10 Feb 2020

Jacinda Ardern on RNZ Concert changes: 'We don't have to lose one for the other'

9:05 am on 10 February 2020

Prime Minister Jacinda Ardern is "frustrated" that RNZ pushed ahead with announcing proposed changes to its Concert radio station.

Prime MInister Jacinda Ardern at Parliament 21 May 2019.

Prime Minister Jacinda Ardern. Photo: RNZ / Dom Thomas

RNZ is planning to take the classical music station off the FM frequency and replace it with a new station aimed at reaching a wider, younger audience.

Jacinda Ardern told Morning Report the government had asked for time to find an alternative.

"I feel very strongly about this. When I came in as Minister for Arts, Culture and Heritage, one of the priorities I had was access - that we need to broaden the access of all New Zealander to the arts," she said.

"I understand that RNZ has obligations to all New Zealanders, and it is their view that they are not catering for one sector. But it is my view as arts minister that one does not need to come at the cost of another.

"My frustration here is that I see this beyond a programming decision and into a structural decision."

She said when Broadcasting Minister Kris Faafoi was briefed - very recently - on some of the proposed changes, he expressed concern and one of his clear concerns was over the loss of FM frequency for Concert.

"He explicitly asked for time so that we could see if whether or not there was something we could do to prevent the loss of the FM frequency for Concert. RNZ went ahead and announced this regardless."

Broadening access, increasing what young people can hear should not come at the cost of what others hear, she said.

Cabinet will discuss the move today.

"We tried to and asked for some time to explore and investigate how we could make sure that this wasn't an outcome that RNZ subsequently announced anyway.

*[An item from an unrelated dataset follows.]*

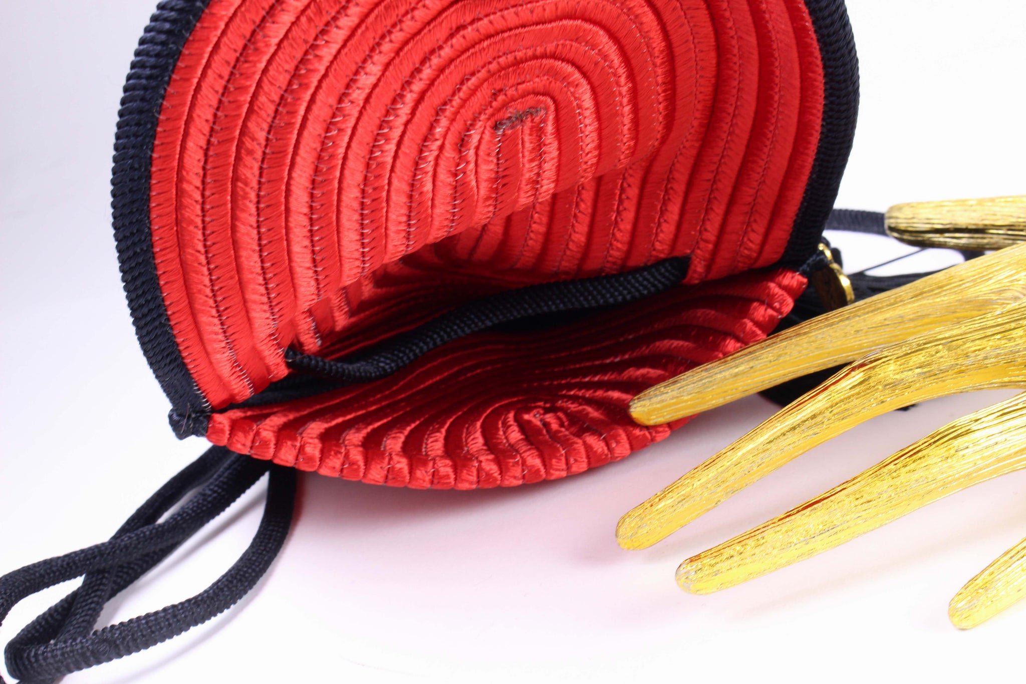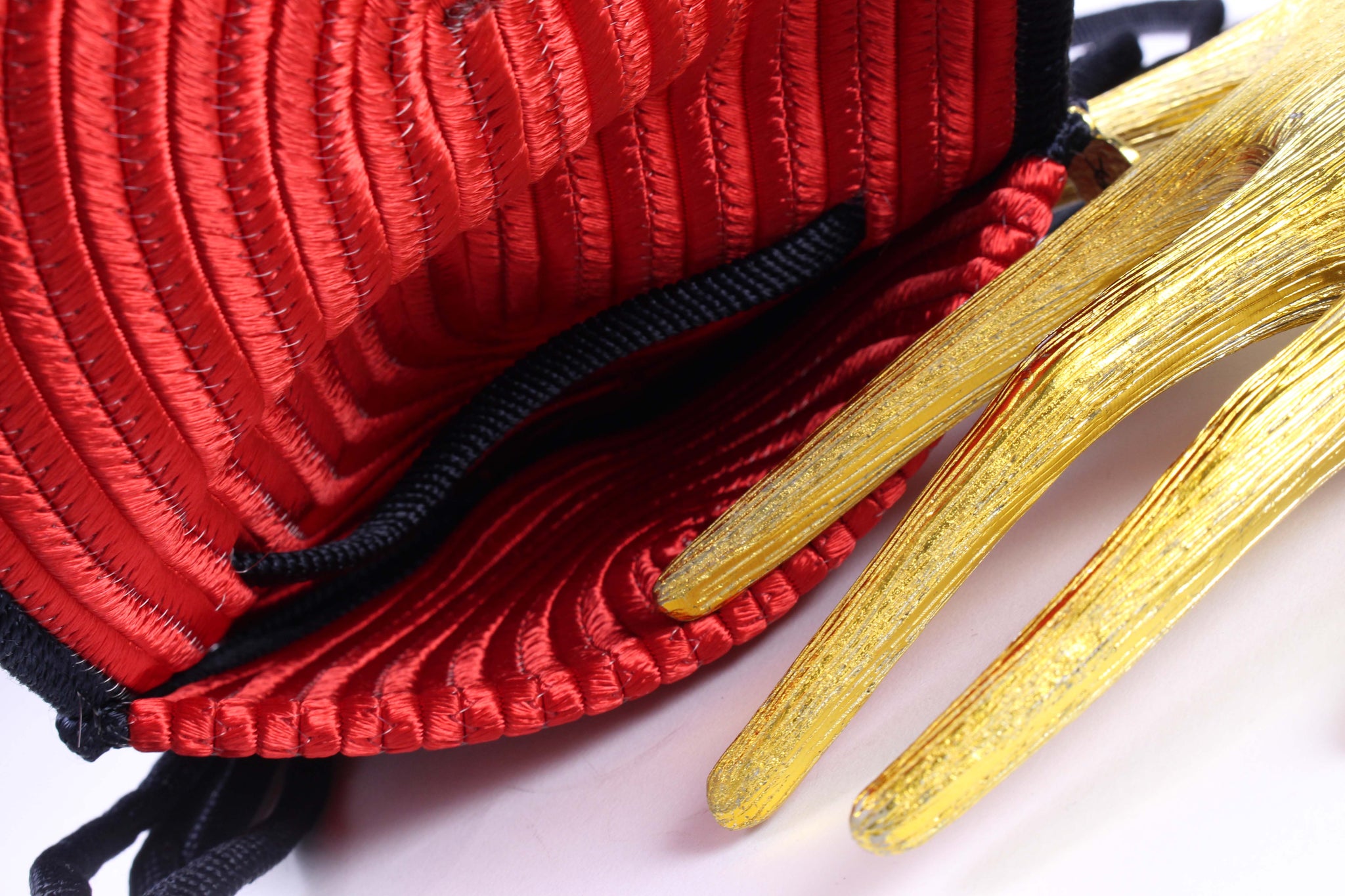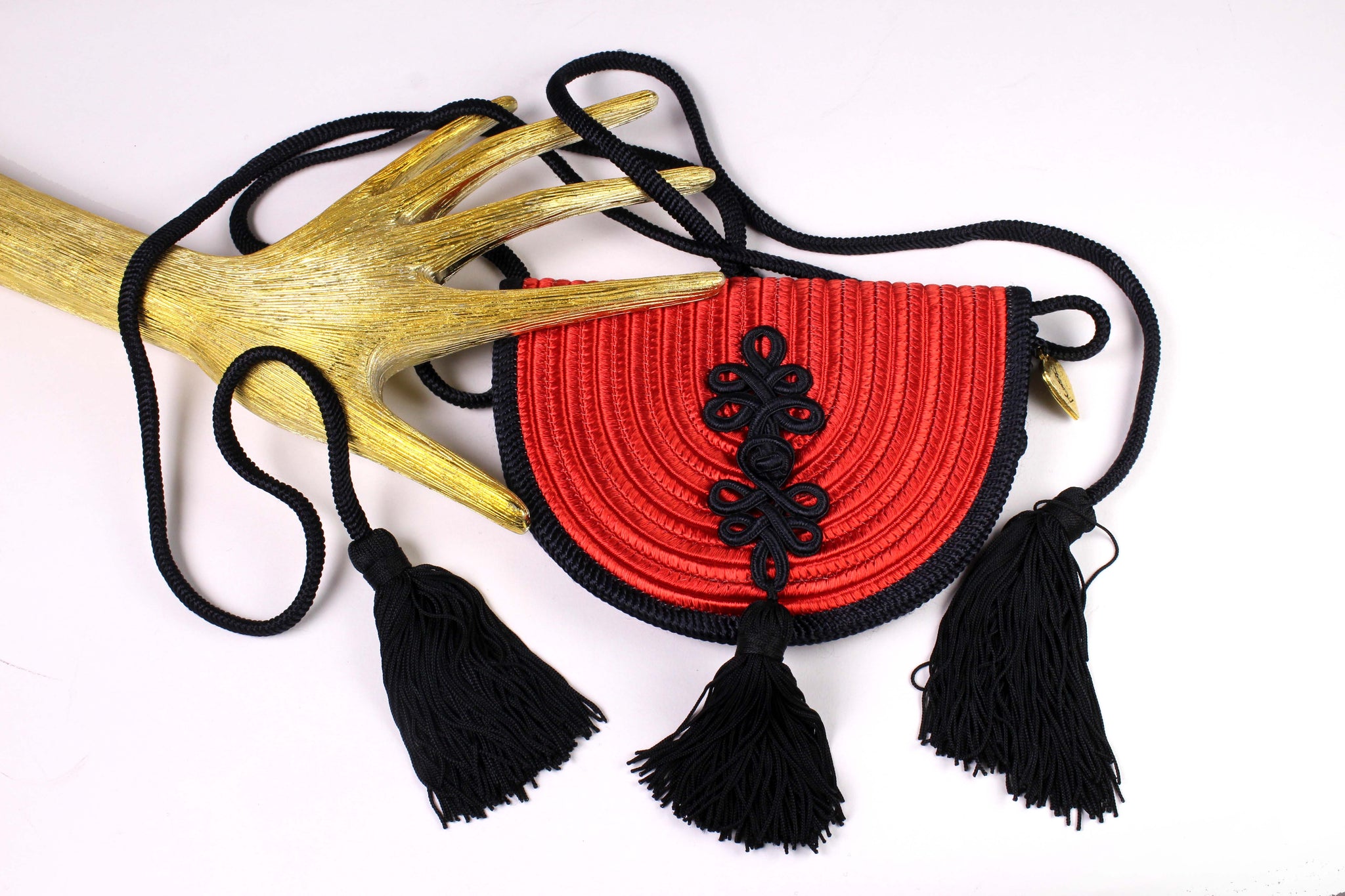 Vintage 1990's YVES SAINT LAURENT, half-moon shape in red and black silk mini passementerie belt bag, with ornaments on the front with black trimmings topped with a large tassel. Very long black cord strap belt with a tassel at each end, with the possibility of multiple positions, also as a crossbody. Small interior with very little capacity.

"I'm pretty frustrated by that situation. It's unacceptable."

An additional $10 million has gone into Radio New Zealand under this government, Ardern said.

"So, we of course support public broadcasting."

She said the government supported RNZ's obligations to reach a wider audience and also accepted that that wasn't necessarily the case currently.

"We are going to keep going with our plans to see if there are alternatives.

"This is not cutting one generation after another or one audience after another. We don't have to lose one for the other."

More than 10,000 people have signed a petition calling on RNZ to ditch plans to gut its music station Concert.

In the biggest overhaul of its music services in years, RNZ is proposing to remove Concert from its FM frequencies and transform it into an automated nonstop music station which will stream online and play on AM radio.

It would be replaced on FM by a service aimed at a younger, more diverse audience as part of a new multimedia "music brand".

Concert would be taken off FM radio on 29 May and the youth platform would be phased in ahead of its full launch on 28 August.

The move would eliminate 17 jobs at RNZ Music, including all Concert presenter roles, from late March.

Former Prime Minister Helen Clark also added to the chorus of concern on Twitter.

She said the marginalisation of RNZ Concert equated to a dumbing down of cultural life in New Zealand.